Im Prinzip kauft man Teile einer Palmölplantage als Anleger an und vermietet diese an die Gesellschaft zurück. Nach Ablauf der vereinbarten Laufzeit werden die Palmen von der Agrofinanz GmbH zu einem festgelegten Kaufpreis zurückgekauft.

Dieses Investment weist aufgrund des Auslandsbezugs und der fremden Rechtsordnung erhebliche Risiken auf: Die Plantagen befinden sich in Ecuador. Die Anleger erwerben jedoch nur Baumbestände und nicht den Grund und Boden. Ein solcher Eigentumserwerb wäre beispielsweise nach deutschem Recht nicht denkbar.

Ob man den Kaufpreis am Ende der Laufzeit zurückerhält, ist leider nicht garantiert. Eine Voraussetzung hierfür ist, dass es die Agrofinanz GmbH bei Beendigung des Vertrages noch gibt und diese auch zahlungsfähig ist.

Mittlerweile hat sich diese Situation durch zwei Ereignisse entscheidend geändert:

Anordnung der BaFin

Die BaFin hat das Geschäft der Agrofinanz GmbH durch eine entsprechende Einstellungs- und Abwicklungsanordnung untersagt. Die BaFin hat das Geschäft der Agrofinanz GmbH als Einlagengeschäft eingestuft, für das eine Erlaubnis notwendig ist.

Daher muss die Agrofinanz GmbH die eingesammelten Gelder an die Anleger zurückzahlen.

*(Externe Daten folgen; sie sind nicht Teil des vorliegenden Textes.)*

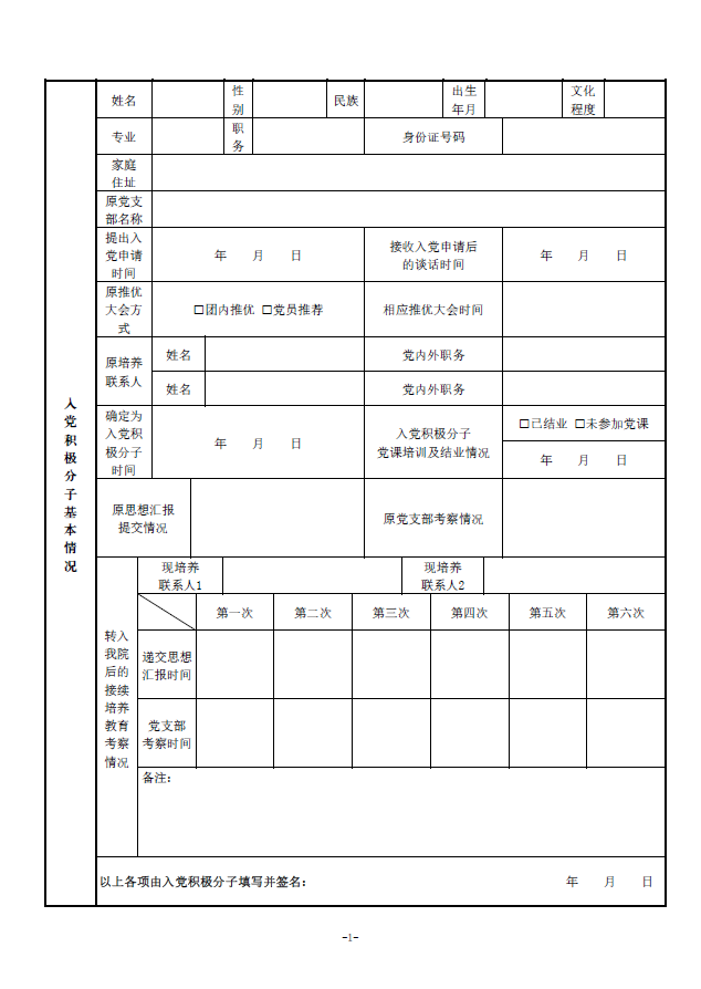 02:此版本适用于入党积极分子在外校(或校内其它学院)确定,后续由于研究生入学或转专业等原因,将入党积极分子身份转入我院的同学。(多见于研究生中或大二、大三转专业的学生中)

Vorläufiges Insolvenzverfahren

Kurze Zeit später wurde das vorläufige Insolvenzverfahren eröffnet. Das Amtsgericht Kleve fasste diesen Beschluss vom 04.01.2016. Mit der Eröffnung des Insolvenzverfahrens sind die Rückzahlungsansprüche der Anleger akut gefährdet.

Ob hier verwertbare Vermögenswerte vorliegen, ist ebenfalls fraglich.

Weiteres Vorgehen

Was der einzelne Anleger jetzt tun sollte, hängt stark von seiner persönlichen Situation ab. In jedem Fall sollte die Möglichkeit genutzt werden, die bestehenden Ansprüche im Rahmen des Insolvenzverfahrens anzumelden.

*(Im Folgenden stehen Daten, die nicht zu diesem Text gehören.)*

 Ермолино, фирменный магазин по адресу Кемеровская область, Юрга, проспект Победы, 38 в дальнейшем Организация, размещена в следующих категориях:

Es können allerdings auch Ansprüche wegen Falschberatung bestehen, deren Verfolgung mehr lohnt als die Quote aus dem Insolvenzverfahren.

Solche Schadensersatzansprüche können sich auch aus Prospekthaftung ergeben: Der Verkaufsprospekt stellt die rechtlichen Risiken (Auslandsbezug, fremde Rechtsordnung) aus meiner Sicht nicht richtig dar.

Vorteil von Prospekthaftungsansprüchen ist, dass diese in der Regel leichter zu beweisen sind. Liegt ein Prospektfehler vor, so wird grundsätzlich von der Rechtsprechung vermutet, dass die darauf basierende Beratung fehlerhaft war.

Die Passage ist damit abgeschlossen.